Процесс эбертистов проходил в форме так называемой амальгамы. Суть этого приема, изобретение которого приписывается чаще всего Фукье-Тенвилю, прокурору Революционного трибунала, заключалась в следующем. Лица, действительно виновные в тех или иных политических акциях, соединялись механически с группой других лиц, с которыми в реальной жизни не были связаны. Например, к процессу эбертистов была присоединена группа иностранных шпионов — так они по крайней мере были представлены публике — Проли, Перейра, Дефие и другие. Это и было амальгамой: люди, не имевшие ничего общего с эбертистами, были с ними соединены воедино. В процессе участвовал и прямой полицейский агент, который был разоблачен тем, что в конце остался единственным живым из всех участников процесса106.

Знал ли обо всех этих деталях, всех этих правовых нарушениях Робеспьер? Об этом трудно судить, он не был, конечно, вездесущ, и собственно аппарат репрессивных органов не был в его руках — он подчинялся Комитету общественной безопасности, но политическую ответственность за процесс эбертистов он нес. Казнь Эбера, Моморо, Ронсена, Венсана была предрешена Комитетом общественного спасения еще до того, как Революционный трибунал вынес им смертный приговор.

Борьба внутри якобинского блока толкала Робеспьера и дальше. Поражение эбертистов, открытых противников дантонистов, привело к резкому усилению группы «снисходительных». Главным противником были все-таки правые силы, а не левые, и удары по группировкам (обоснованные или нет — это дело особое), чи7 едящимся левыми, объективно усиливали правых. Внешним выражением этой возросшей роли правого крыла, атакующего революционное правительство, было издание газеты «Старый кордельер» Камилла Дему-лена. Из номера в номер Камилл Демулен, талантливый журналист, острый полемист, все несдержаннее, все резче нападал на Комитет общественного спасения.

Для Робеспьера психологически вопрос о борьбе против дантонистов осложнялся тем, что он был связан личной дружбой с Камиллом Демуленом. Они были когда-то школьными товарищами, сидели чуть ли не за одной партой и сохраняли добрые отношения до последних дней. В черновых записях Робеспьера, получивших после его смерти известность под названием «Заметки против дантонистов», Максимилиан Робеспьер писал: «Камилл Демулен по причине изменчивости его воображения и по причине его тщеславия был способен стать слепо преданным приверженцем Фабра и Дантона. Таким путем они толкнули его к преступлению; но они привязали его к себе только ложным патриотизмом, который они напустили на себя. Демулен проявил прямоту и республиканизм, пылко порицая в своей газете Мирабо, Лафайета, Варнава и Ламета в то время, когда они были могущественными и известными, и после того, как он раньше искренне хвалил их»191. Эти примечательные строки показывают, что накануне решающих действий Робеспьер сохранял еще прежнее расположение к Демулену.

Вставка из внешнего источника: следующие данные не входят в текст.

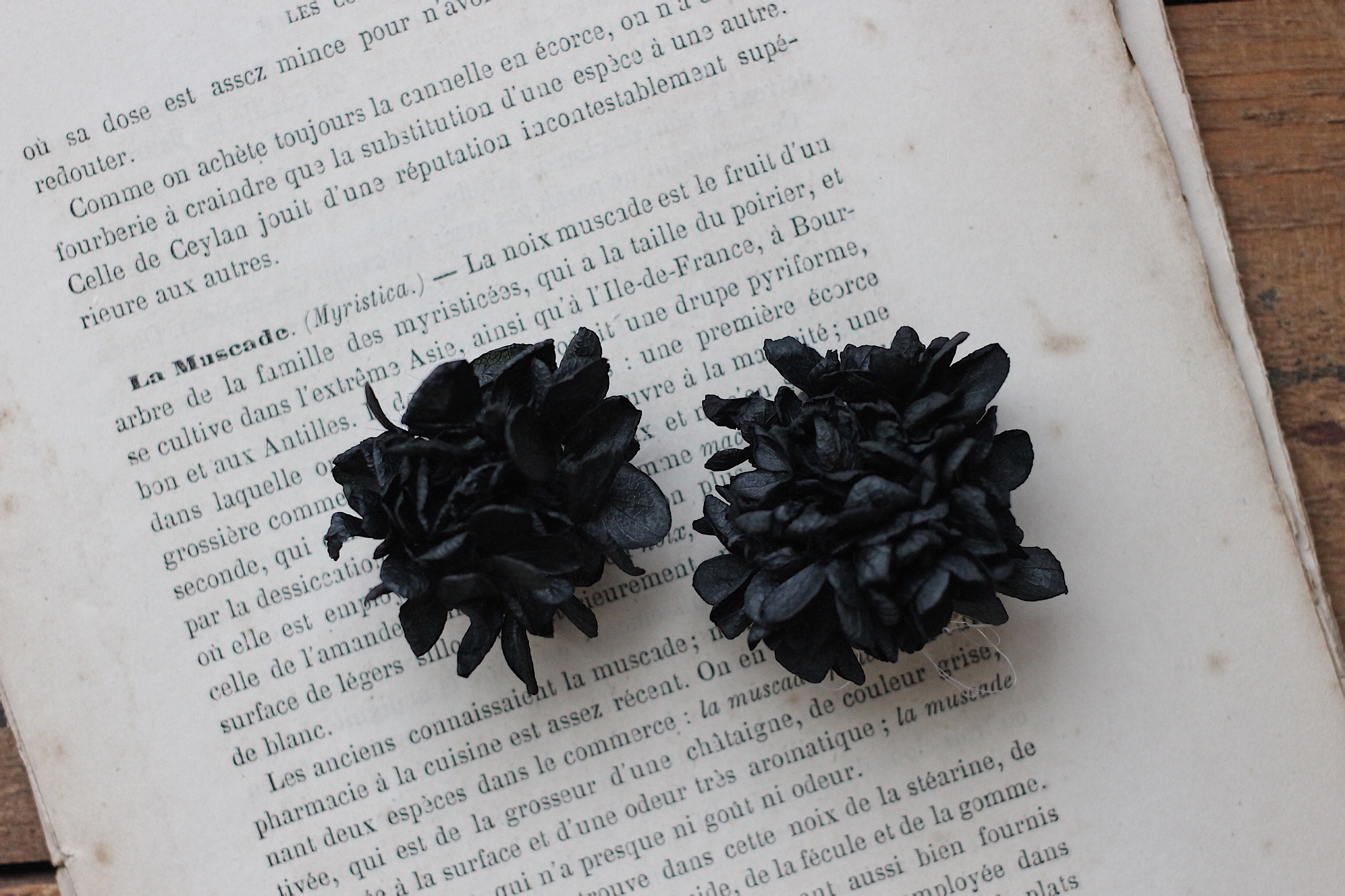 生花を半年〜2年ほど綺麗な状態に保てる様に特殊加工されているお花です。元は生花ですので大変繊細です。装着される際は、極力お花に触らず金具部分をお持ち頂くことをお勧めいたします。保存場所は、直射日光を避けた湿度の低いところでお願いいたします。また、万が一水分を含みますと衣服へ色移りしますので十分にお気をつけてご使用いただけますと幸いです。

Процесс против Дантона и дантонистов, хотя и не имел такой подробной и полной протокольной записи, как процесс эбертистов, освещен достаточно полно в специальной литературе, и о нем можно составить вполне отчетливое представление. Здесь добавлять к известному почти нечего. Но психологически для историка, быть может, более важны, чем сам процесс (исход которого был заранее предрешен), его прелиминарии, конечно не в сфере формальной, юридической. Я имею в виду иное. Как постичь трудно поддающийся точным определениям духовный процесс нисхождения вчерашних друзей — молодых людей, полных жизненной силы, оптимизма, идущей от молодости беспричинной радости, — перехода в ущербный мир отлучения, отчуждения, за которым следует недолгий, все убыстряющийся, неостановимый спуск в подземное царство смерти? Из протоколов Якобинского клуба, изданных Альфонсом Оларом, известно, хотя бы в краткой несовершенной записи, как происходило в клубе обсуждение вопроса о последних номерах «Старого кордельера» Камилла Демулена (напомним, что последний номер газеты был конфискован постановлением революционного правительства) и о его редакторе. Следует ли добавлять, что весной 1794 года все участвовавшие в обсуждении Демулена уже вполне отчетливо понимали, что исключение из Якобинского клуба почти автоматически влечет за собой предание Революционному трибуналу?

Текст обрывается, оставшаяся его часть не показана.